_Task statement_
Within the listing below, give again exactly the lines between the one containing "Africa’s best family" and the one containing "Сезонность: лето |", inclusive, pictures left aside.

_Provided material_
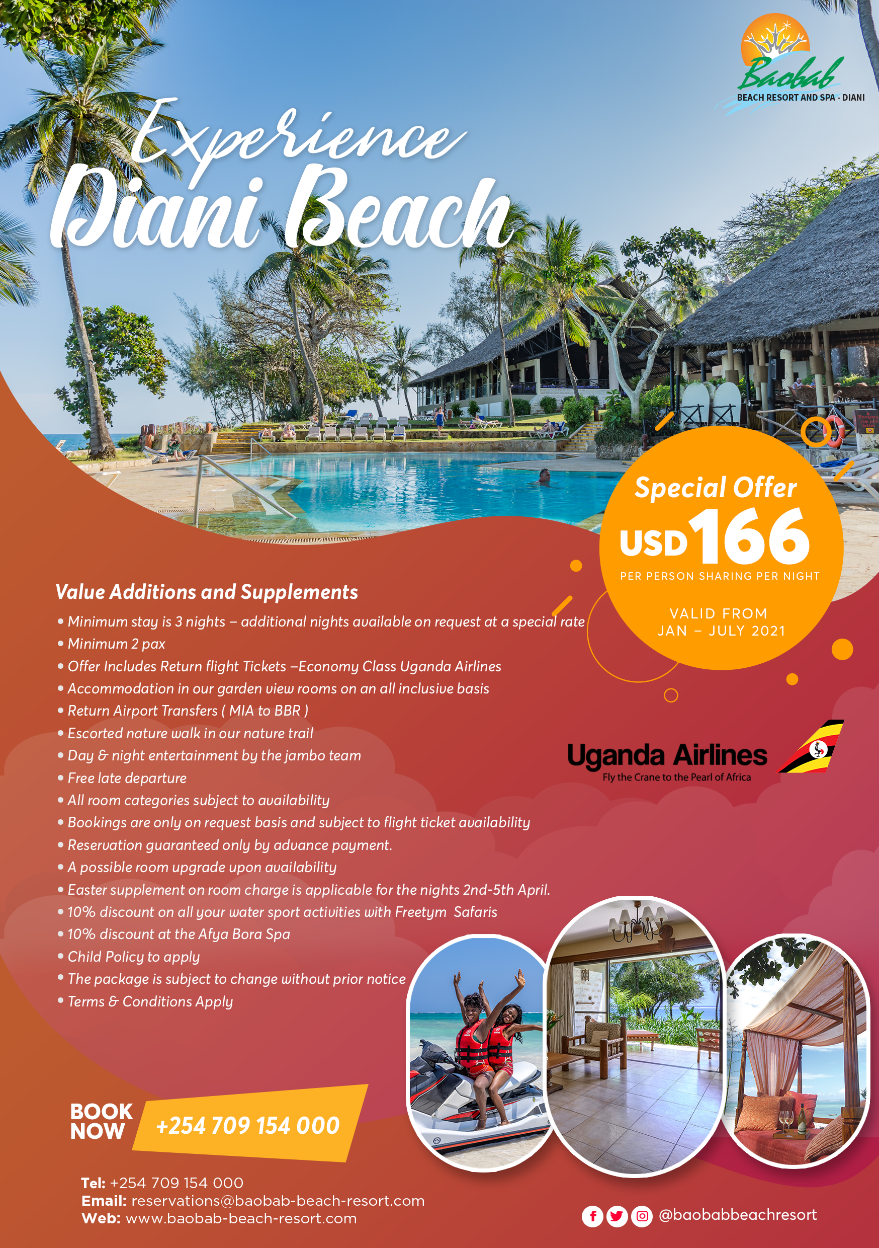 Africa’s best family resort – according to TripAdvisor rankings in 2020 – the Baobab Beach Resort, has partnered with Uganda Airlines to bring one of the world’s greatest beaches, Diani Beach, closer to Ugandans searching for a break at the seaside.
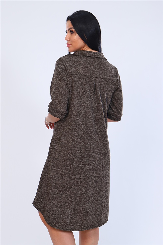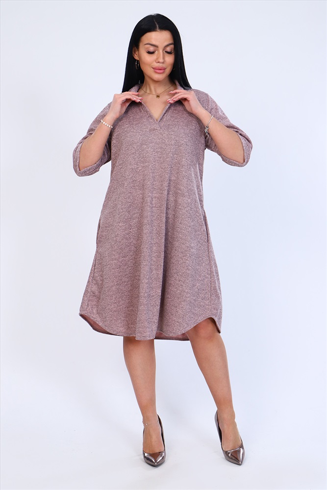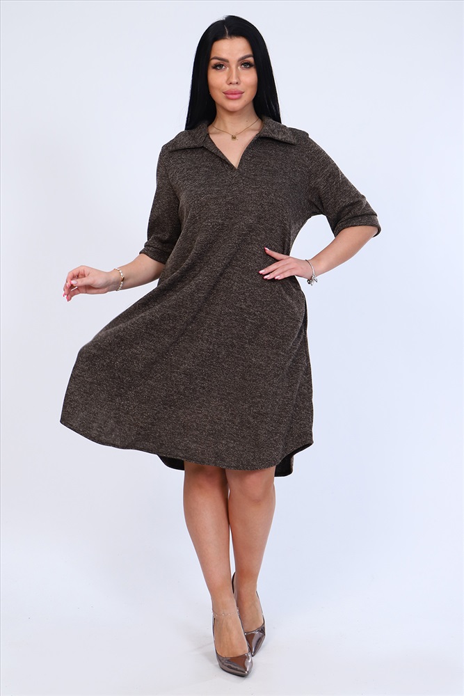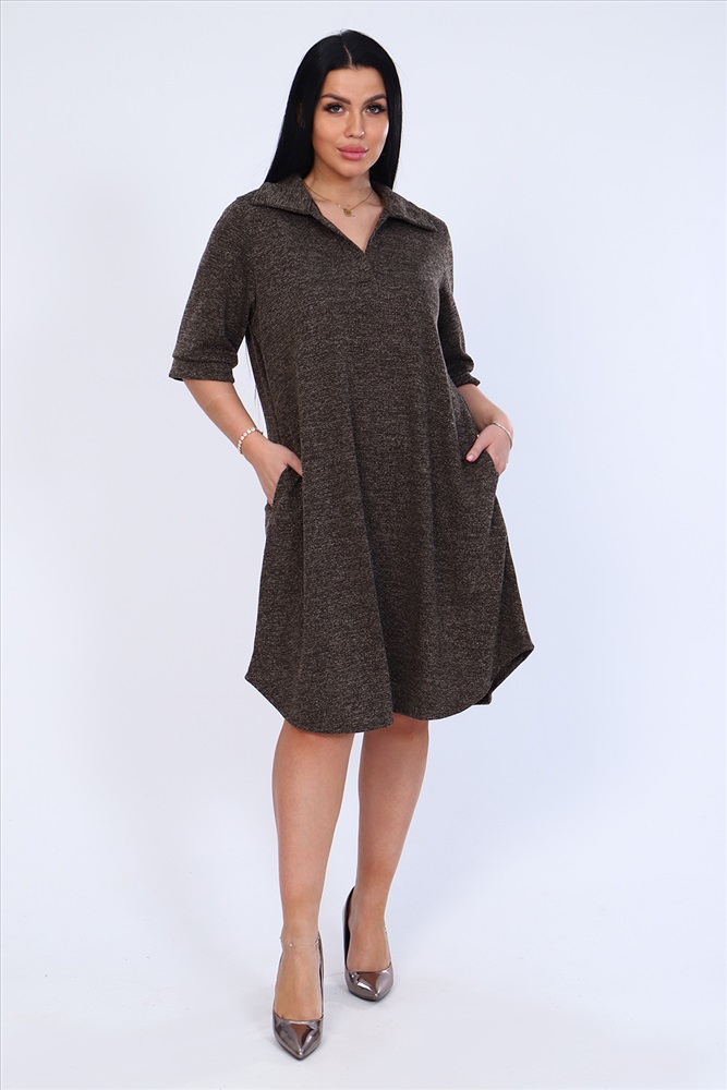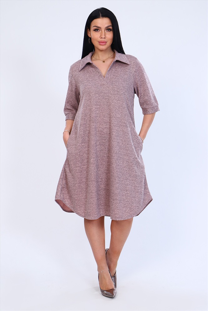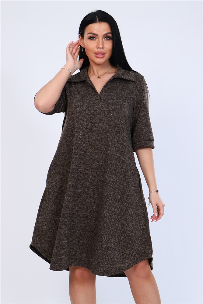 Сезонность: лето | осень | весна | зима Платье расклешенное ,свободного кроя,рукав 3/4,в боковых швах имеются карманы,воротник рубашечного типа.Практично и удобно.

--

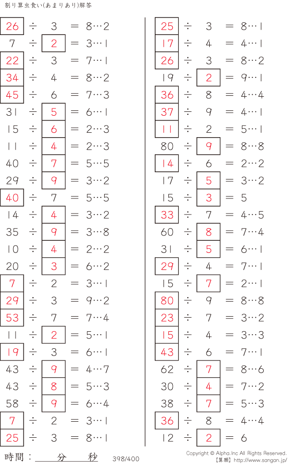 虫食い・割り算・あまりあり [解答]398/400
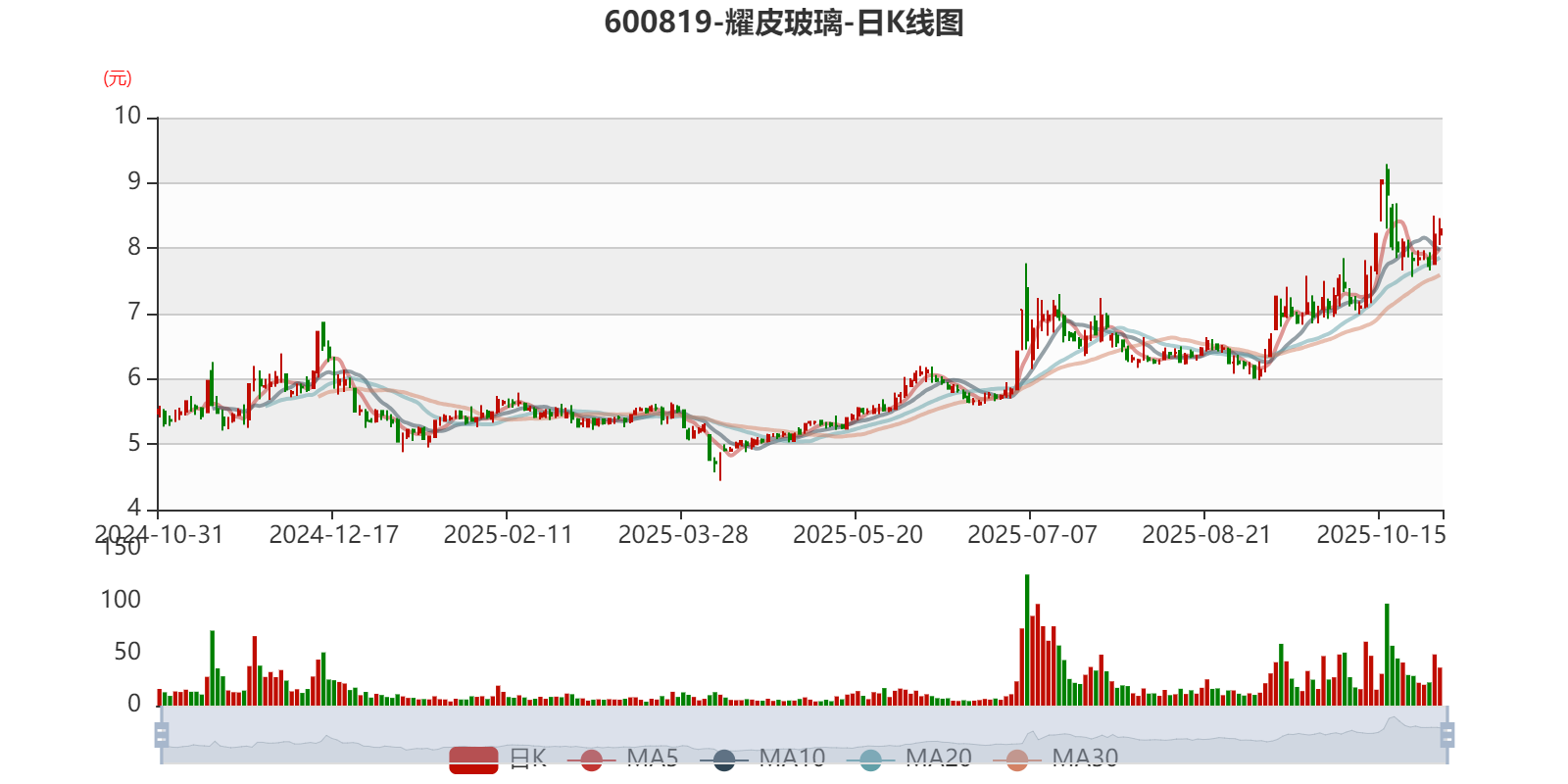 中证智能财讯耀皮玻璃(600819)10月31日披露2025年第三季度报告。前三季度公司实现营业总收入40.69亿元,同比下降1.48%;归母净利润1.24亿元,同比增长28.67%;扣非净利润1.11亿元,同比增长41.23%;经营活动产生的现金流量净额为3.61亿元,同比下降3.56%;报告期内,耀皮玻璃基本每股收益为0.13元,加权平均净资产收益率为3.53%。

* * *

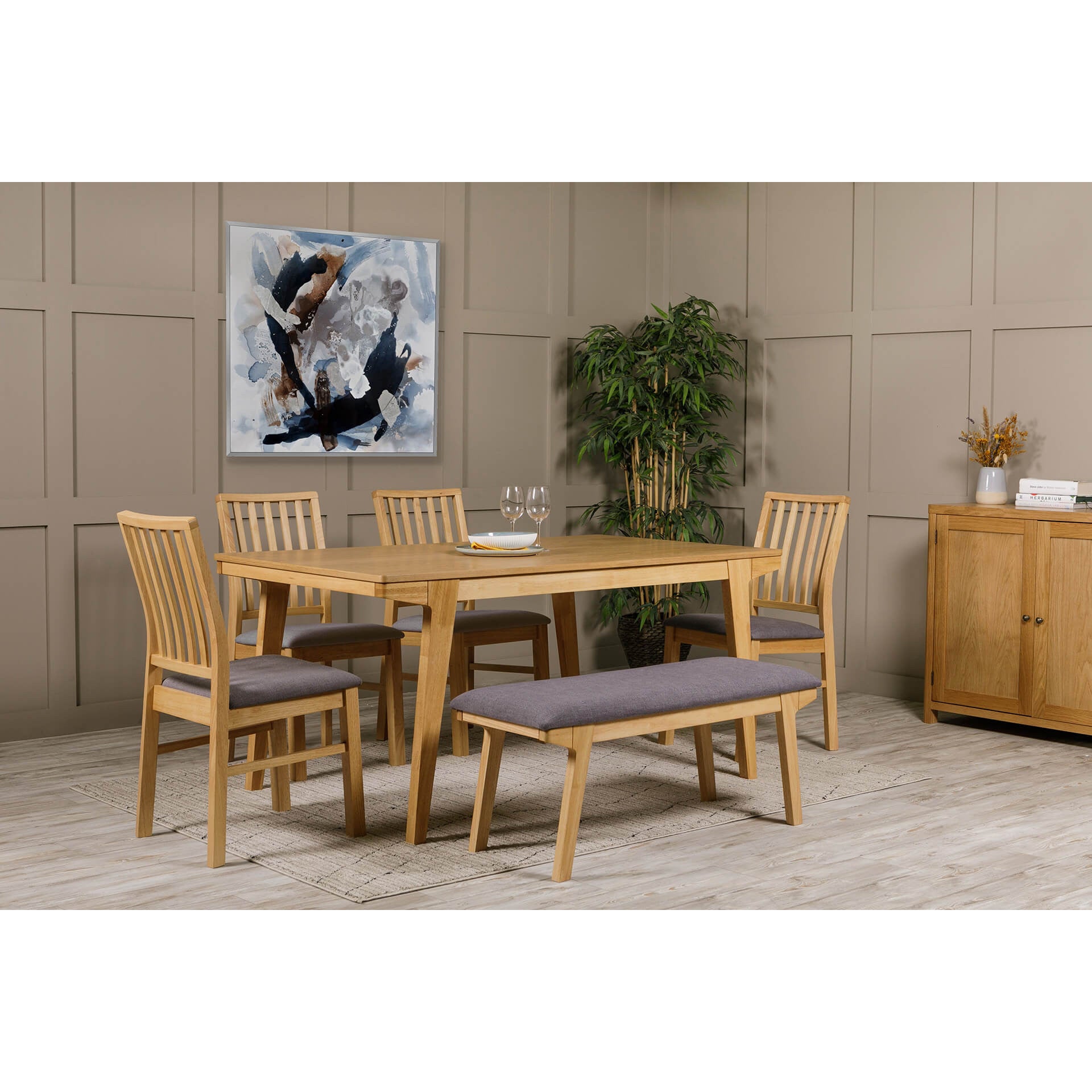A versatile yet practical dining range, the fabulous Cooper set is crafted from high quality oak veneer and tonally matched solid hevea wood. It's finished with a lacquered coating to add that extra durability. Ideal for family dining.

_Result below_
 Africa’s best family resort – according to TripAdvisor rankings in 2020 – the Baobab Beach Resort, has partnered with Uganda Airlines to bring one of the world’s greatest beaches, Diani Beach, closer to Ugandans searching for a break at the seaside.
 Сезонность: лето | осень | весна | зима Платье расклешенное ,свободного кроя,рукав 3/4,в боковых швах имеются карманы,воротник рубашечного типа.Практично и удобно.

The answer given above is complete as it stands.